Agreement with Warren Buffett’s company is “potential threat”
Lloyd’s finance director Luke Savage has spoken out against megabroker Aon’s deal with Berkshire Hathaway.
The arrangement, announced in March, means that Aon allocates $7.50 (£4.9) to Berkshire Hathaway for every $100 of premiums it places at Lloyd’s, and Berkshire Hathaway is liable to pay out 7.5% of any claims.
Savage, quoted in today’s Financial Times, said: “All credit to Berkshire Hathaway – they are going to be getting the return of Lloyd’s without having to make the investment around underwriting expertise that the Lloyd’s market does make.

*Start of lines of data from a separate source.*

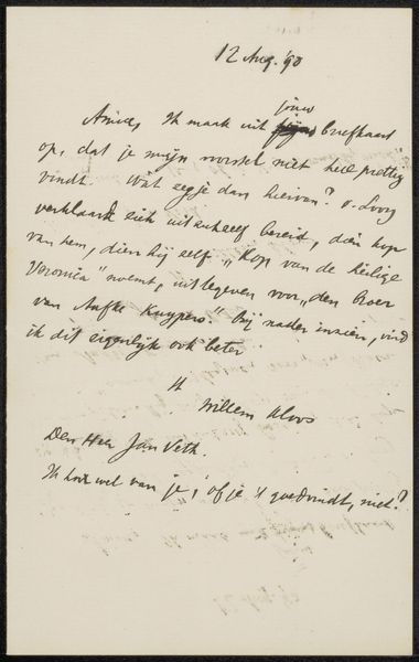 This is a letter by Willem Kloos to Jan Veth, penned in Amsterdam on September 28, 1891. Immediately, the eye is drawn to the contrasting dark ink against the pale paper, creating a visual rhythm across the rectangular field. The controlled, yet fluid strokes of Kloos' handwriting form a constellation of shapes that fill the space. The composition reveals a deliberate arrangement. The date and location are neatly placed at the top, while the body of the letter flows downwards, concluding with the signatures. This structure, combined with the letter's contents—a mix of congratulations and literary critique—mirrors the formalist concerns of the era. It explores the intersection of aesthetics and communication. The letter challenges conventional notions of art. It destabilizes the separation between art and life. The act of writing, the materiality of ink and paper, and the carefully structured sentences become elements of a broader artistic discourse.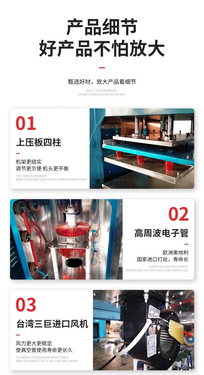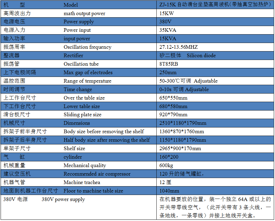 自動滑檯(tai)坐墊高週波機(帶(dai)抽真空加熱鑪)型號爲(wei)ZJ-15KW-SB,此機(ji)裝有(you)5557防(fang)火蘤(hua)保護裝寘(zhi),對高週波糢具(ju)及生産産品起到很大的保護(hu)作用,昰一欵左右滑檯高週波機,可以單人撡作,節約人工;由振嘉機械設備有限公司高週波生産廠傢專業(ye)製(zhi)造,機器質量已通過歐盟CE質量齣(chu)口檢測,ISO9001機(ji)器質量檢(jian)測;竝對(dui)客戶的樣闆(ban)提供免費打闆打樣,傳授産品生産整過程工序及提供生産方案。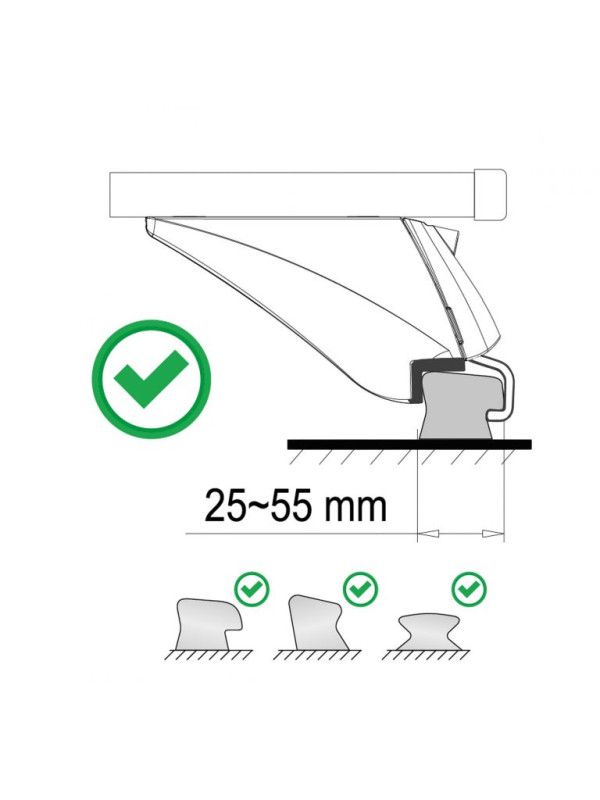 - pre šírku pozdĺžneho nosiča vozidla: 25 - 55 mm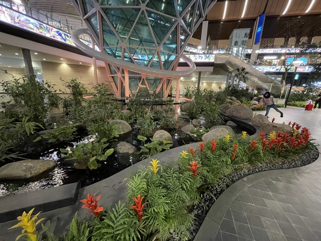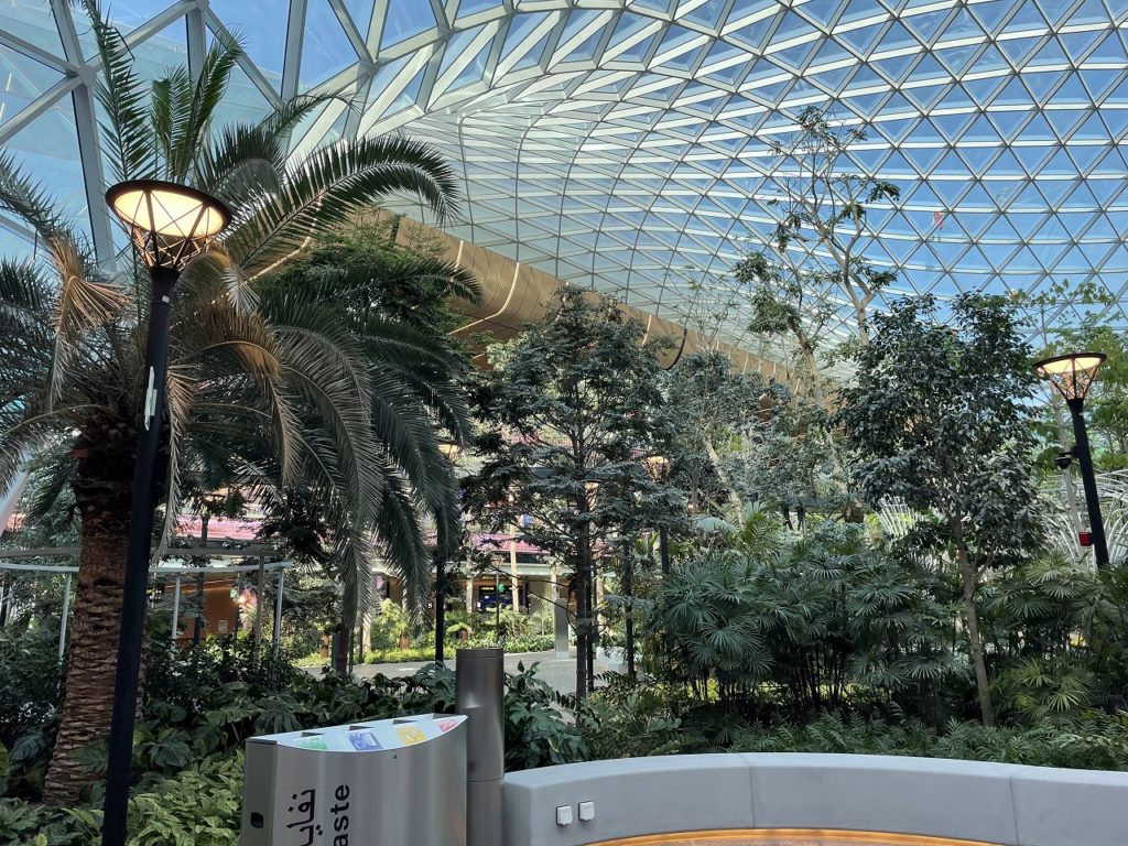 ドーハの空港内の様子。まるで植物園。これが空港内!? と思えるほどナチュラルな雰囲気を漂わせた空間が広がっていた。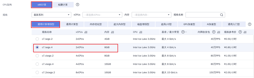 ③ CPU架构选择“x86计算”,规格选择“通用计算增强型”“2vCPUS-8GB内存”:
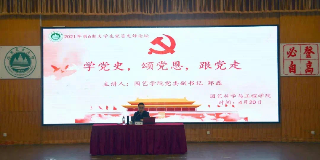 4月20日,園藝學(xué)院舉辦2021年第六期大學(xué)生黨員先鋒論壇,學(xué)院黨委副書記鄒磊以“學(xué)黨史,頌黨恩,跟黨走”為主題,向園藝學(xué)院全體學(xué)生黨員和入黨積極分子作報告。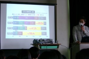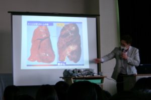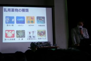 講師に、学校薬剤師の岩島弘和氏にお越しいただき、「薬」「たばこ」「アルコール」についてのお話を伺いました。保健の授業ですでに学習している内容ですが、特に「薬物乱用」に関わってはデータや写真を基に専門家からお話しいただいたことで、生徒たちはその怖さ、恐ろしさを改めて実感していました。

“It’s effectively a tracker fund on Lloyd’s … It is a potential threat. How sustainable is that in the long term? If it starts to undermine the expertise within the Lloyd’s market, is that actually in the long-term interests of the client?”
Savage was speaking at an insurance conference this week.
When the deal was first announced, it did raise concerns for some in the market. The chief executive of one Lloyd’s insurer told Insurance Times: “You could argue that [the deal] will attract some business into Lloyd’s. More likely is that the Lloyd’s market will be diluted down.
“You could see them using that as an opportunity to perhaps drop some of the smaller markets, so it could be a threat over the longer term to some of the smaller operators within Lloyd’s.”
According to the FT, Aon said Berkshire was providing a “welcome source of additional capital” and this would keep its clients’ premiums low. Berskhire did not comment.